Porque el Estado aconfesional tolera los privilegios y no garantiza la neutralidad en materia religiosa
Constantemente, desde posturas laicistas, cometemos el error de apelar al carácter aconfesional del Estado reflejado en el artículo 16.3 de la Constitución española. En una primera instancia puede ser necesario reclamar en este sentido porque incluso esta aconfesionalidad teórica es conculcada cada vez que un representante público, como tal, participa en actos puramente confesionales como misas, funerales religiosos, procesiones, etc., o contamina el carácter neutro de los actos estrictamente civiles con innecesarios elementos confesionales como las propias tomas de posesión de sus respectivos cargos (cabe recordar que desde el mismo Jefe del Estado hasta el último funcionario del ayuntamiento más pequeño son, stricto sensu, Estado).
Salvando este primer escollo, se hace necesario diferenciar los conceptos de Estado laico y Estado aconfesional, conceptos entre los que “saltamos” alegremente y utilizamos, en la mayor parte de las ocasiones, como equivalentes. Pero hay matices que hemos de diferenciar claramente y tener en cuenta.
Un Estado aconfesional, como la España que pretende nuestra Constitución, es aquel que no reconoce una religión oficial pero, y aquí es donde está el coladero, puede mantener acuerdos con una o más confesiones religiosas. En este sentido, el artículo 16.3 de la Constitución española lo deja bien claro:
Ninguna confesión tendrá carácter estatal. Los poderes públicos tendrán en cuenta las creencias religiosas de la sociedad española y mantendrán las consiguientes relaciones de cooperación con la Iglesia Católica y las demás confesiones.

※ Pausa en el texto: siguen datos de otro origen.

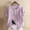 Damenmode Rundhals Kurzarm T-Shirt Lässiges Baumwollleinen Grafikhemd Freizeit Lose Krähenprint Sommer Bluse Tops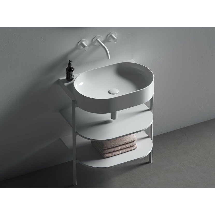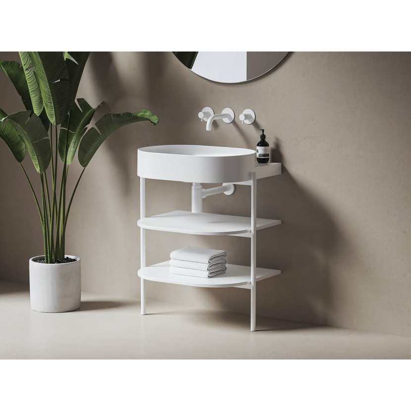 Stojící kovová konstrukce s policemi CS Yard 60 k instalaci umyvadla Yard 60. V bílém matném provedení.
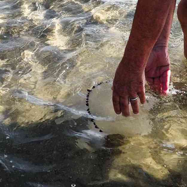 Und natürlich muss man hier auch die Wasserqualität loben. Bei unbewegtem Meer am Morgen war das Wasser kristallklar, sogar so klar, dass ein älterer Herr mit bloßen Händen riesige Quallen an Land jagen und auf den Strand befördern konnte. „Probieren Sie das nicht selbst!“ wies er mich unnötigerweise an, während ich ihn dabei fotografierte.

La materialización de estas relaciones de cooperación se concreta en el Concordato entre el Estado español y la Santa Sede (1953); los Acuerdos internacionales entre el Estado español y la Santa Sede (1976 y 1979) y los Acuerdos de cooperación entre el Estado español y la Federación de Entidades Religiosas Evangélicas de España, la Federación de Comunidades Judías de España y la Comisión Islámica de España (1992).
Un Estado laico, en cambio, es aquel en el que su condición de neutralidad en materia religiosa es tal que, aún admitiendo todas las religiones y permitiendo la libertad de culto, ninguna de ellas ocupa una posición de privilegio ni permite la más mínima injerencia de éstas en el funcionamiento y organización del Estado. Del mismo modo, el Estado no favorece ni discrimina a una o a otra, ni financia públicamente ninguna Iglesia ni institución religiosa.
Según estas definiciones, podemos ver que el sentido del citado artículo 16.3 de la Constitución lleva a la propia carta magna al terreno de la ambigüedad, definiendo de entrada un Estado aconfesional pero estableciendo a continuación la situación de privilegio de una confesión, la católica, respecto de las demás.
Desde algunos sectores, principalmente favorables a que el Estado continúe financiando a la Iglesia católica, se apela a la igualdad de trato de las diferentes confesiones religiosas establecidas en España, al menos de las que tienen cierto arraigo entre la población (de ahí los acuerdos de cooperación antes señalados). Pero este modelo olvida a una gran parte de la sociedad, la compuesta por los fieles o seguidores de las otras confesiones que quedan fuera de los acuerdos y la cada vez mayor presencia de personas que directamente se declaran no creyentes o que no se encuadran dentro de ninguna Iglesia o confesión formal.
Otro aspecto que no debemos pasar por alto a la hora de referirnos a lo que podemos llamar modelo español es el hecho de la cada vez mayor multiculturalidad de nuestra sociedad. La convivencia de diversas culturas ha traído consigo la contemporaneidad de diferentes costumbres y creencias, dos de los aspectos que más influyen en la moral individual y colectiva de las personas. Este hecho hace que lo que se ajuste a la moral de unos pueda no hacerlo a la de otros. Es decir, la diversidad del hecho religioso termina por convertirse en un elemento discriminatorio, un factor de separación totalmente alejado de ese sustrato común que aglutinaba a toda la población en tiempos pasados. Hoy en día, la diversidad de creencias se opone a la conformación de una ética válida y común para esa sociedad multicultural.
Por todo ello el Estado laico se presenta como la única opción capaz de ofrecer un marco común a toda la ciudadanía, independientemente de sus creencias o convicciones. Este modelo proporciona un suelo limpio de prejuicios sobre el que construir una estructura de convivencia en base a los valores que nos son comunes a todos (democracia, libertad, Derechos Humanos, etc.).